#### [What you need to do]
The part to set down runs from the first line of the data below through the line with "группы факторов, существенно", inclusive; write it exactly and leave out the pictures.
:: Data extract
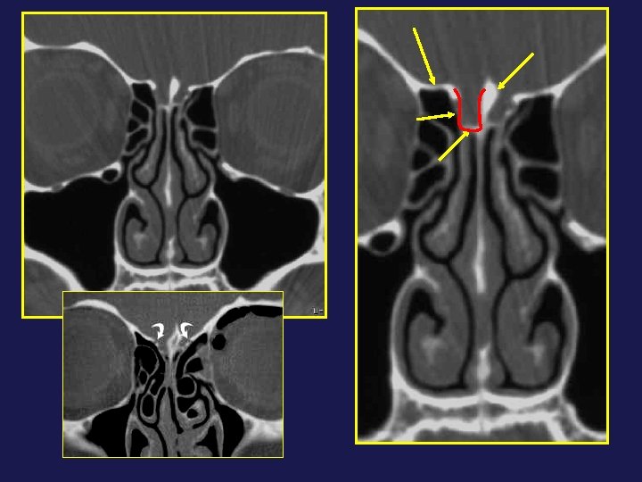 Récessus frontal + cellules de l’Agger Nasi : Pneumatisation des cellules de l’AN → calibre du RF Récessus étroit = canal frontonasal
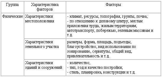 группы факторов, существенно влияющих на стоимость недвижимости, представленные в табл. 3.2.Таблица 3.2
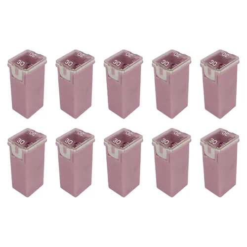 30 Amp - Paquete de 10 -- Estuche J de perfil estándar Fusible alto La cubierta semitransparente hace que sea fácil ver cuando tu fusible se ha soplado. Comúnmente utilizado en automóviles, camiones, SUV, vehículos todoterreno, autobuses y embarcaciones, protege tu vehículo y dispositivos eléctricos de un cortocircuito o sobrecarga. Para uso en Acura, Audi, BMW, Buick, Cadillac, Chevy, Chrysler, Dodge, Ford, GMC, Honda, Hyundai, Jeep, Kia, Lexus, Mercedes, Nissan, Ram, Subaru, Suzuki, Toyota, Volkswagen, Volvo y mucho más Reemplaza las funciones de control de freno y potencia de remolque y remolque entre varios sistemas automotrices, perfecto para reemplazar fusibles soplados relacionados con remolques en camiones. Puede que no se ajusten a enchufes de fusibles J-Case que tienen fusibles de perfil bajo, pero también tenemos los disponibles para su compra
::::
#### [Output of the task]
 Récessus frontal + cellules de l’Agger Nasi : Pneumatisation des cellules de l’AN → calibre du RF Récessus étroit = canal frontonasal
 группы факторов, существенно влияющих на стоимость недвижимости, представленные в табл. 3.2.Таблица 3.2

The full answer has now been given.